27/09/2025

O Dito Pelo Não Dito ou a dor de existir

 

Alguns rostos, muitos rostos  apenas  se erguem na multidão como feridas visíveis, como superfícies onde o peso da existência se imprime com crueldade. São rostos que não chamam, mas puxam o olhar — não pela beleza, mas pelo silêncio mineral que os habita. Neles, o olhar não se oferece como janela, mas como poço: fundo, turvo, impossível de atravessar.

Essas pessoas não caminham, arrastam-se pelo tempo como móveis herdados que ninguém pediu. Estão no mundo como cadeiras empoeiradas em um quarto fechado: cumprem a função da existência, mas sem jamais encontrar quem as ocupe. O absurdo nelas não é conceito, é músculo. É a própria carne que sustenta, todos os dias, o fardo de existir sem motivo.

Falta-lhes o vocabulário da própria dor. O que não se diz apodrece por dentro, transformando-se em pedra encostada no peito. E é isso que vemos no olhar: a ossatura de um sofrimento que nunca encontrou palavra. São rostos que gritam sem som, que carregam no silêncio uma confissão impossível.

E quando cruzamos com eles, somos atravessados. Não é apenas tristeza que despertam, mas uma pena bruta, quase vergonhosa, como se víssemos o absurdo despido diante de nós. Esses rostos lembram que viver não é sempre movimento ou desejo — às vezes é apenas peso. Um peso que se arrasta, que resiste, que permanece como um objeto teimoso na sala vazia do mundo.

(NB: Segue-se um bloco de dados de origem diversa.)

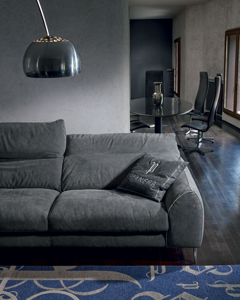Canapeaua Modi întruchipează minimalismul italian și confortul desăvârșit. Cotierele late și moi oferă o plăcere tactilă unică, iar șezutul și spătarul, umplute cu puf de gâscă premium, asigură lejeritate și rafinament absolut. Nuanța elegantă de gri este accentuată de o finisare delicată din piele naturală deschisă, evidențiind măiestria artizanală și atenția la detalii. Mecanismul de reglare al spătarului este lin și silențios, transformând fiecare moment de relaxare într-o experiență completă de lux.

Porque alguns rostos, poucos, trazem consigo a lembrança mais incômoda: a de que existir não é metáfora, não é promessa, não é escolha. É destino sem razão. E o olhar, nesses poucos, é o lugar onde o nada se revela nu, lembrando-nos de que viver é suportar o indizível — até que a palavra, se algum dia vier, consiga enfim dar forma à sombra.